Gras ist nicht gleich Gras: die Weidelgras-Thematik
Wer anfängt, Wiese zu sammeln, steht am Anfang vor einer Herausforderung: so viele Kräuter kennt er nicht, was ist das und dürfen die Tiere das und wenn ja, wie viel davon?!
Meistens sind die „neuen Sammler“ dann froh, dass immerhin die Süßgräser recht leicht zu erkennen und eigentlich ja alle ohne Bedenken zu verfüttern sind. Doch auch da gibt es Unterschiede!
Das Ganze ist ein sehr weitreichendes und komplexes Thema - in diesme Text soll nur kurz und oberflächlich auf die Thematik eingegangen werden, weil das Thema vielen Meerschweinchenhaltern einfach noch völlig unbekannt ist.
Es gibt 10.000 verschiedene Süßgrasarten, dazu gehören auch die Weidelgräser. Diese finden sich auf vielen Pferde- und Kuhwiesen, oftmals sind sie nämlich „hoch gezüchtet“, enthalten also eher wenig schlecht schmeckende Substanzen und besonders viel Zucker, um Sportpferden, die leistungsstark sein sollen Energie zu stellen und um Kühe zu mästen. Oder können in „weiter gezüchteter Art“ auch als Rasen in Gärten vorkommen.
Für unsere Meerschweinchen ist so viel Zucker (Fruktane) nicht nötig, im Gegenteil, wenn sie dauerhaft nur diese Gräser bekommen ist das sogar deutlich ungesund.
Es kommt aber noch ein wichtiger Punkt hinzu, nämlich dass Gräser oft zusammen mit endosymbiontischen Pilzen, Endophyten, leben. Das dient sowohl den Gräsern als auch Pilzen und ist – allgemein im Reich der Natur – überhaupt nichts Außergewöhnliches.
Wird ein Gras gestresst, also z.B. angeknabbert, produziert es Zucker/Fruktane, in durch Zucht entsprechend veränderten Weidelgräsern entsteht dann ziemlich viel Zucker, in Wiesenlieschgras im Vergleich dazu noch recht wenig.

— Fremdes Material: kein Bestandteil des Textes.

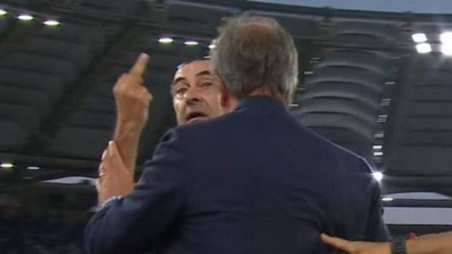 Nervosismo all'Olimpico durante la partita tra Lazio e Verona vinta dai biancocelesti 2-0 con le reti di Immobile e Luis Alberto. In particolare il tecnico laziale Maurizio Sarri ha perso le staffe e ha fatto il gesto del dito medio rivolgendosi alla panchina dell'Hellas. Come è poi stato chiarito dallo stesso tecnico laziale in conferenza stampa, il gesto era indirizzato al ds dell'Hellas Francesco Marroccu: "Il direttore - ha precisato Sarri - lo conosco da tanti anni. Ho avuto l’impressione che mi avesse detto di mettermi seduto, allora ho risposto. Poi abbiamo chiarito e abbiamo riso sopra l’episodio. Lui mi aveva detto di stare calmo, non di mettermi seduto”.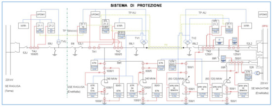 To guarantee the correct operation of the 220 kV connection cable, the automatic fast and slow reclosing located in the Ragusa SE, SSE Ragusa and SE Maghtab must be excluded. Furthermore, the closing of the line switches (52 L) is controlled by a parallel device that controls the voltage difference parameters (ΔV%) and angle difference (ΔΦ).

Endophyten ernähren sich vom Zucker im Gras und je mehr Zucker, umso mehr Gifte können sie produzieren (Alkaloide, die dem Schutz der Pflanze z.B. vor Fraßfeinden dienen), die wiederum dann unsere Meerschweinchen aufnehmen.
Da im Weidelgras also viel Zucker enthalten sein kann (nicht muss, aber kann) können folglich (auch je nach Endophyt, der sich da eingenistet hat) horrende Mengen an Alkaloiden entstehen. Meerschweinchen reagieren unterschiedlich auf Alkaloide, die einen verpacken sie erst mal noch gut, die anderen bekommen gleich Probleme mit der Verdauung etc.
Das „Endophyte Service Laboratory“ in den USA listet daher Weidelgras zusammen mit Jakobskreuzkraut und Rohrschwingel (auch eine Süßgrasart) als die drei giftigsten Weidegiftpflanzen auf (in "Fate and metabolism of plant toxins in livestock"; Jennifer M. Duringer, PhD OSU 2007).
Aus diesen Gründen versuchen wir, Weidelgräser so gut es geht zu meiden, denn wir können deren Inhaltsstoffe und Symbionten nicht einschätzen.
Nun soll aber keiner Angst vor dem Grassammeln bekommen, denn Gras ist grundlegend wichtig und gesund für Meerschweinchen !
Es macht sicher auch nichts, wenn beim Sammeln mal ein Büschel Weidelgras in den Korb gerät oder man das Büschelchen eben mitnehmen mag, weil es so saftig aussieht oder es nichts anderes gab.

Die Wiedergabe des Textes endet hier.